Whisper.cpp - NVIDIA RTX 3090 vs Apple M1 Max 24c GPU

Have you ever found yourself in the tech aisle, scratching your head and wondering, "Why should I pick the M1 Max when the PC is flexing its muscles with better test scores?" Well, my friends, it's a story worth telling, and it's all about what makes your tech heart happy!

Whisper.cpp - NVIDIA RTX 3090 vs Apple M1 Max 24c GPU

Excerpt

About a month ago, I finally made up my mind and purchased a used Mac Studio for about $1,200. It is the base model with M1 Max 10-core CPU, 24-core GPU, 32GB RAM, 512GB SSD and last but not least - standard 10GBASE-T with compatibility of 2.5G and 5GBASE-T.

The famed “Apple Experience” is no different on this machine. It is quiet, it is lightning fast for what I do daily, and it barely runs above 40 degrees C. I love everything about this machine, and I would probably say this is the best computer for $1,200.

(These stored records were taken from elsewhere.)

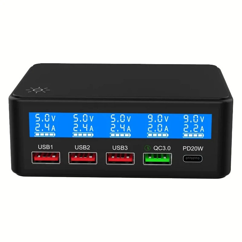 사양:제품명65W 5포트 USB PD 충전기색깔블랙/화이트인터페이스4USB-A+USB-C입력100-240V 50/60Hz 0.6A출력USB 포트 출력: 최대 5V~2.4A, 총 3개 포트 5V~6A.QC3.0 출력: 5V 3.0A/9V 2.0A/12V 1.5APD 출력: 5V 3A / 9V 2.22A / 12V 1.67A프로토콜PD QC3.0유형EU 플러그력65W크기L105*W77*H40mm특징: 1. 다중 포트: 이 충전기는 5개의 포트 (4개의 USB-A 및 1개의 USB-C)로 동시에 여러 기기를 충전할 수 있습니다.2. 고출력: 65W의 전력 등급으로 디바이스를 효율적으로 빠르게 충전할 수 있습니다.3. 유니버설 호환성: 이 충전기는 PD, QC3.0 프로토콜과 호환되며 다양한 기기에서 사용할 수 있습니다.4. 소형 디자인: L105 * W77 * H40mm의 소형 크기는 여행이나 작은 공간에서 사용하기에 완벽합니다.5. 듀얼 컬러 옵션: 충전기는 두 가지 색상 (블랙과 화이트)으로 다양한 심미적 취향을 충족시킬 수 있습니다.패키지에 포함된 것:1x 65W 5포트 USB PD 데스크탑 충전 스테이션 1x AC 케이블
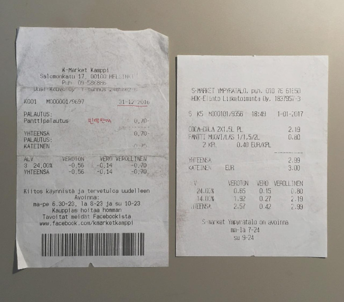 사실 수입이라고 쓰기엔 무척 소소하긴 하지만, 핀란드에서 빈 병을 슈퍼마켓에 팔아 돈을 벌 수 있다. 핀란드에서 판매되는 모든 음료수 병과 캔에는 보증금이 붙어있다. 콜라 1병을 사면 콜라 값에 병 보증금까지 지불하고, 나중에 슈퍼마켓에 병을 되팔면 보증금을 돌려받는 식이다. 병마다 보증금 가격이 조금씩 다른데, 작은 알루미늄 캔 0.15유로, 1.5L짜리 플라스틱병은 0.40유로이다. 0.40유로를 우리나라 돈으로 하면 500원 정도인 셈이니, 그냥 버리리기엔 아깝다고 생각했다. 그래서 나도 빈 병을 잘 모아두었다가 슈퍼마켓에 되팔곤 했다. 큰돈은 아니었지만 학생인 나에게 꽤나 쏠쏠한 금액이었다.
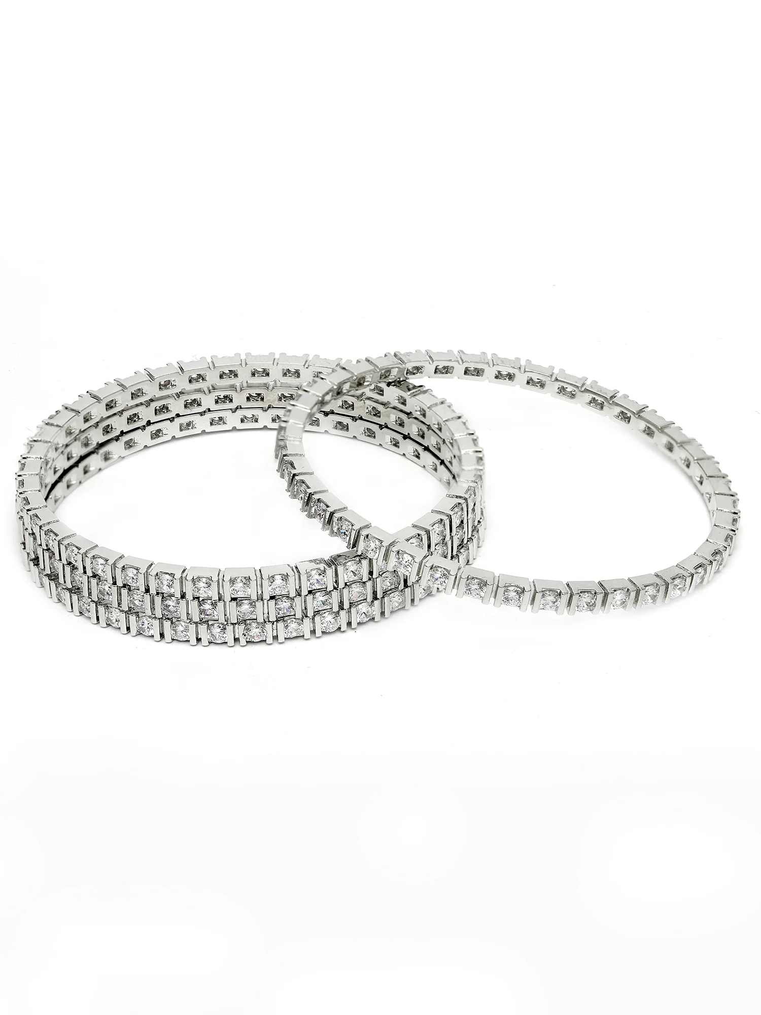 - Karatcart Silver Plated Set of 4 Round American Diamond Studded Bangles for Women. Our products are designed with high-quality material and these products are enhanced with plating that are skin-friendly & with love to reach your heart.

What’s really interesting is that Apple has taken the Unified Memory approach to make a RAM pool which VRAM and system RAM is shared. This concept is nothing new since most of the modern CPUs that comes with an integrated graphics do use system RAM as the iGPU’s VRAM. However, no one has ever put such a powerful iGPU with their CPU, nor anyone has ever provided their iGPU with such a memory bandwidth at 400GB/s.

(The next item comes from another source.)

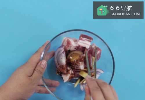 2接下来,往碗中倒入五花肉、姜片、洋葱片,随后倒入生抽,蚝油、适量辣椒面,盐搅拌均匀,腌制1小时左右;
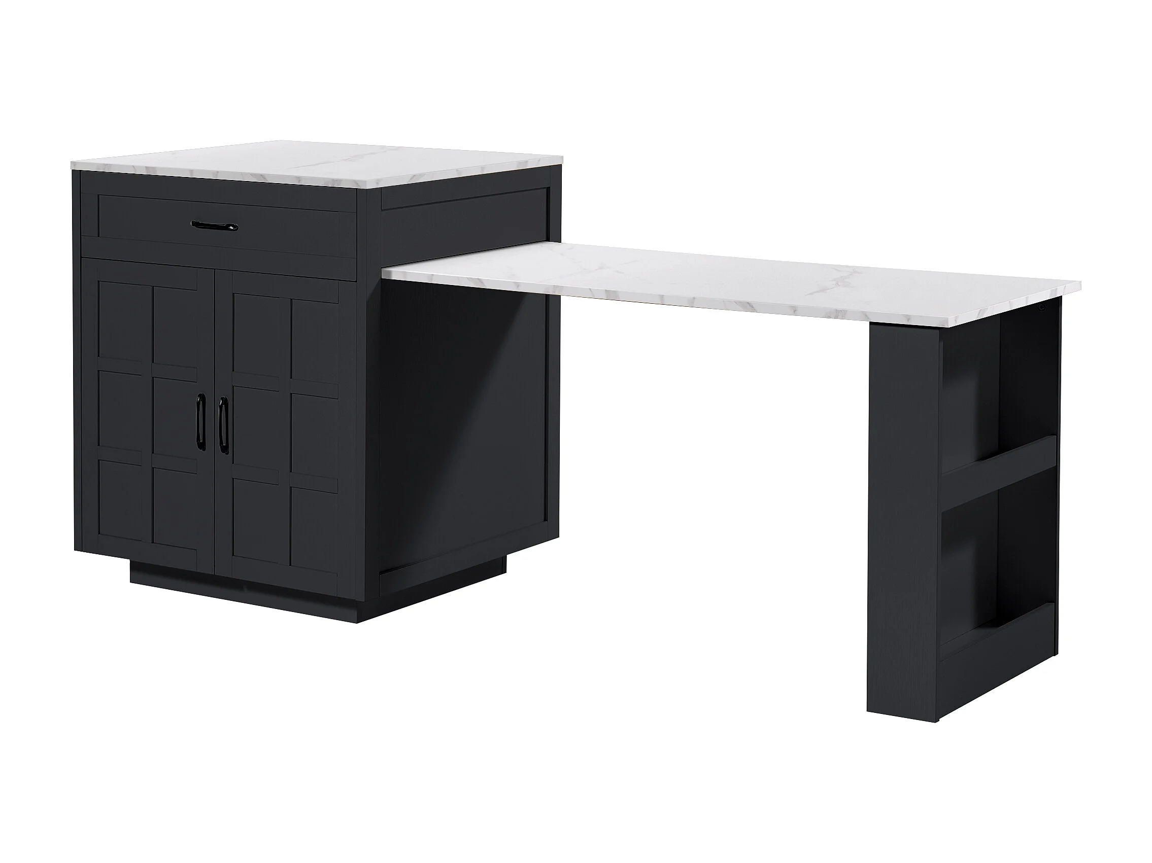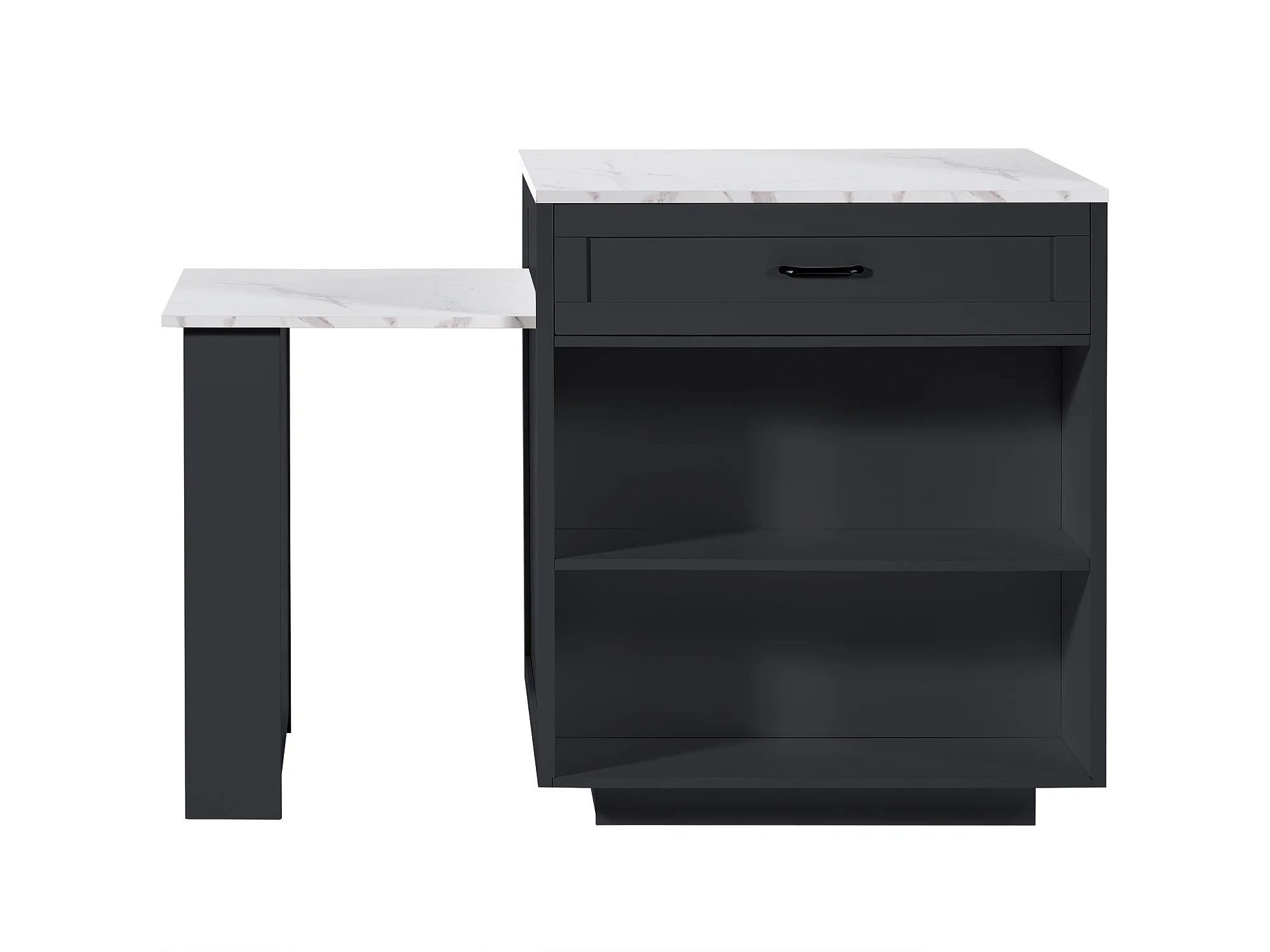 Table de bar 133x70x93.5 cm, extensible à 202 cm, rangement avec tiroir et étagères, MDF noir

But, how does this compare with a “real” computer? Let’s find out.

Specs:

PC:

CPU: Ryzen 7 7700X 8-core

GPU: NVIDIA RTX 3090 24GB

RAM: 32GB DDR5-5600

SSD: Kingston KC3000 1TB

If you build it out exactly like mine, you are probably looking at $1,200.

Mac Studio:

CPU: M1 Max 10-core

GPU: 24 Core

RAM+VRAM: 32GB Integrated DDR5

SSD: Integrated 512GB + TB3 Enclosured Samsung 980 Pro 2TB

Tests:

This section will get upgraded over time, but the first entry will be to compare the performance when using Whisper.cpp to transcribe a 19-minute long podcast, with Chinese Mandarin and English spoken.

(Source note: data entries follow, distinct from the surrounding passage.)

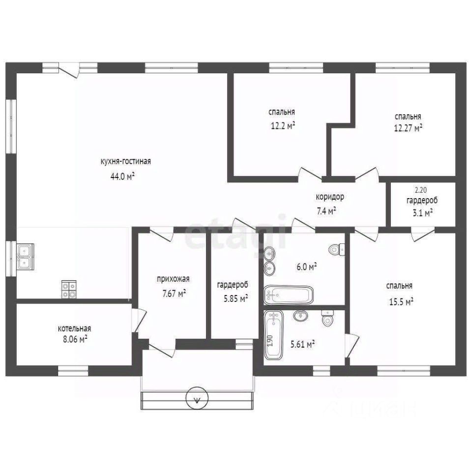 Огромная кухня-гостиная, 3 спальни, 2 санузла, 2 гардеробные комнаты.
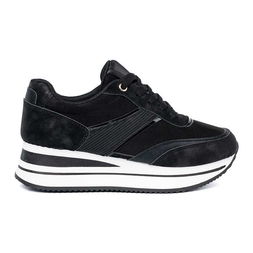 Odkryj nowoczesne czarne sneakersy od marki Shelvt, które łączą w sobie sportowy styl i modowe akcenty. Te wyjątkowe buty, przeznaczone dla kobiet, doskonale sprawdzą się na co dzień, oferując wygodę oraz elegancki wygląd. Wykonane z wysokiej jakości imituje skóry ekologicznej, prezentują się efektownie dzięki połyskującym wstawką, które dodają im charakteru.
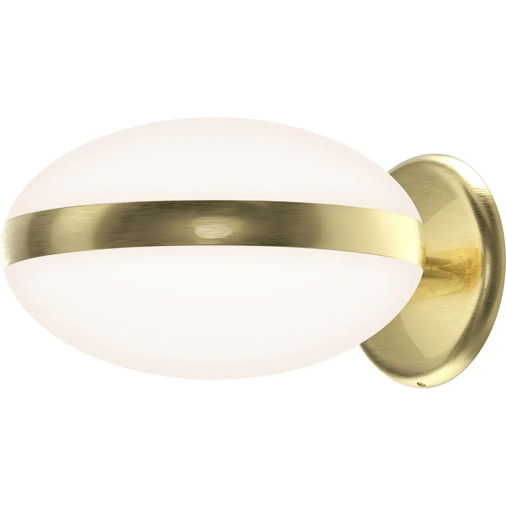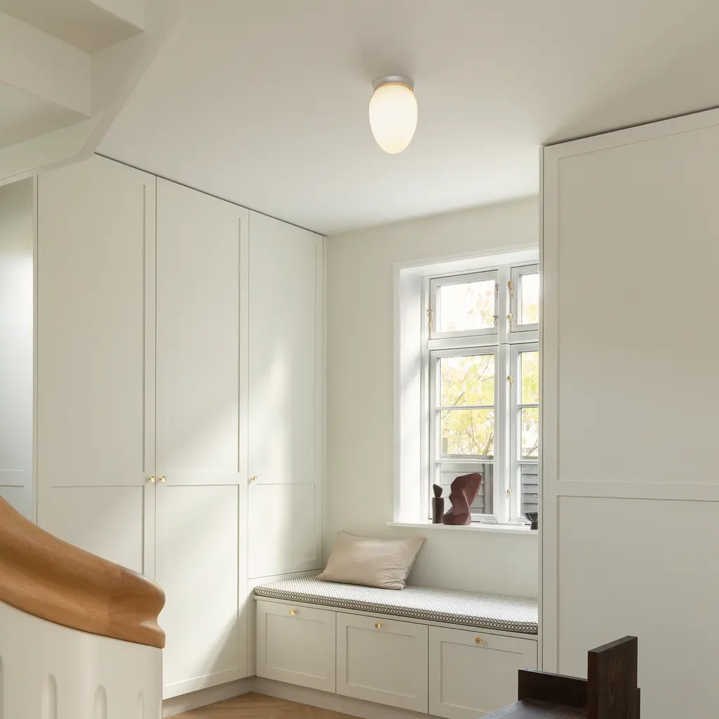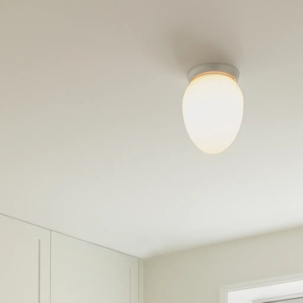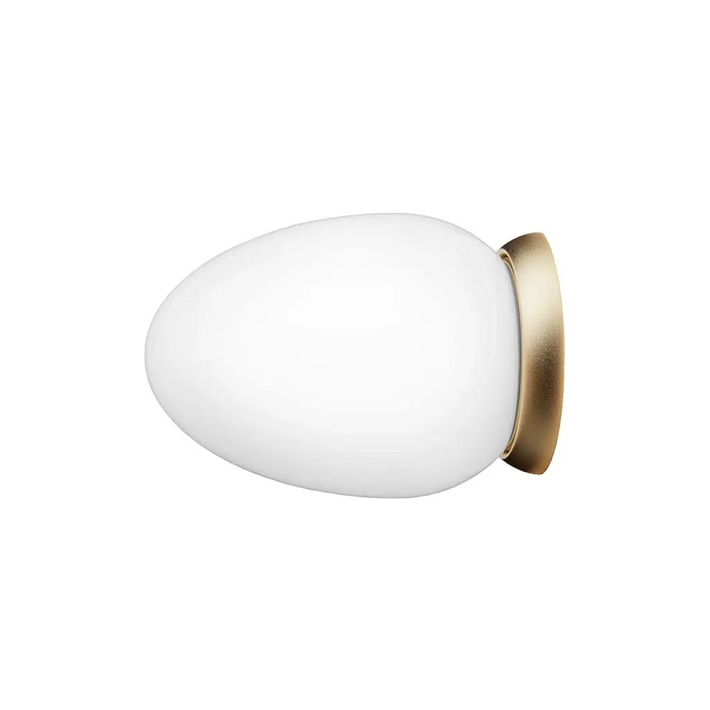 The Rizzatto 171 Ceiling Light features a satin brass ceiling ring paired with an oval, mouth-blown opal white glass shade. This combination provides soft, glare-free lighting, making it perfect for smaller areas like hallways or entrances.
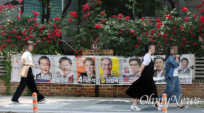 | ▲ 장미대선 사전투표 둘째 날 제21대 대통령선거 사전투표 둘째 날인 30일 오후 서울 마포구 한 거리에서 장미꽃 밑에 설치된 선거벽보 앞을 시민들이 걸어가고 있다. |
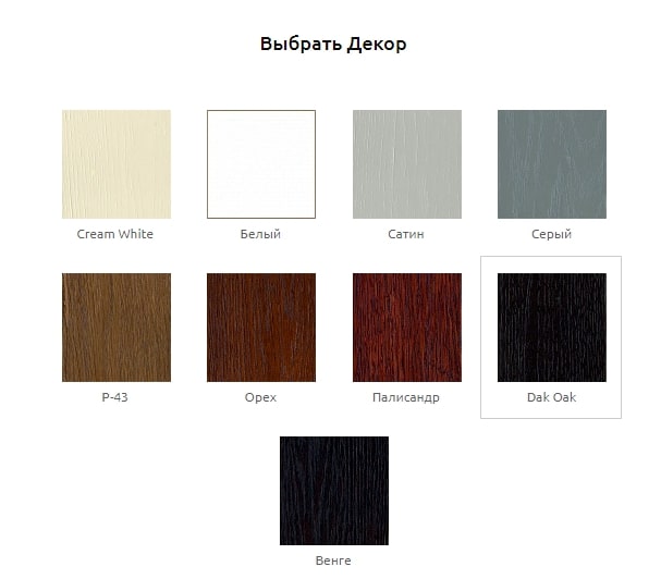 Варианты цветового решения: Cream White, белый, сатин, серый, Р-43, орех, Dak Oak, венге, Black.

Whisper.cpp built-in benchmark

Configuration: 4 Threads, PC with CuBLAS and Mac with CoreML.

Result

Model: ggml-large-v3, lower is better
Category RTX 3090 M1 Max 24c GPU RTX 3090 Advantage
Load Time 2081.38 ms 1015.44 ms - 49%
Encode Time 133.96 ms 571.48 ms + 426%
Decode Time 3424.47 ms 3728.00 ms + 8%
Batchd Time 980.06 ms 2398.49 ms + 245%
Prompt Time 511.76 ms 2164.99 ms + 423%
Total Time 5050.95 ms 8863.60 ms + 175%

The first thing that caught my eye is how much faster the Mac Studio is able to load the model. That difference shaved 1 second of the total time required, and we will continue to see it outperforming in that category. However, that is about the only thing that the Mac can outperform the PC with a REAL GPU. The RTX 3090 obliterates the M1 Max 24c GPU in every single category that requires the raw compute of the GPU.

Whisper.cpp, 19 minutes audio transcribe, with Chinese Mandarin and English spoken.

This is more of a real world test with actual work loads to be handled.

Model: ggml-large-v3, lower is better
Category RTX 3090 M1 Max 24c GPU RTX 3090 Advantage
Load Time 2008.59 ms 1026.31 ms - 49%
Fallbacks 0p / 1h 3p / 23h N/A
Mel Time 382.32 ms 386.86 ms + 1%
Sample Time 6628.67 ms 6191.47 ms - 7%
Encode Time 5368.99 ms 24429.72 ms + 455%
Decode Time 2616.88 ms 751.55 ms - 72%
Batchd Time 69074.67 ms 244340.34 ms + 353%
Prompt Time 1542.44 ms 6026.75 ms + 390%
Total Time 87792.72 ms 283626.41 ms + 323%

As expected, when the workload runs longer, the initial load times can be irrelevant. In this real world test, the Mac Studio took almost 5 minutes to complete this 19 minutes long transcribe, while the RTX 3090 only took about one and a half. The speed difference is there, even Apple can’t bend the law of physics.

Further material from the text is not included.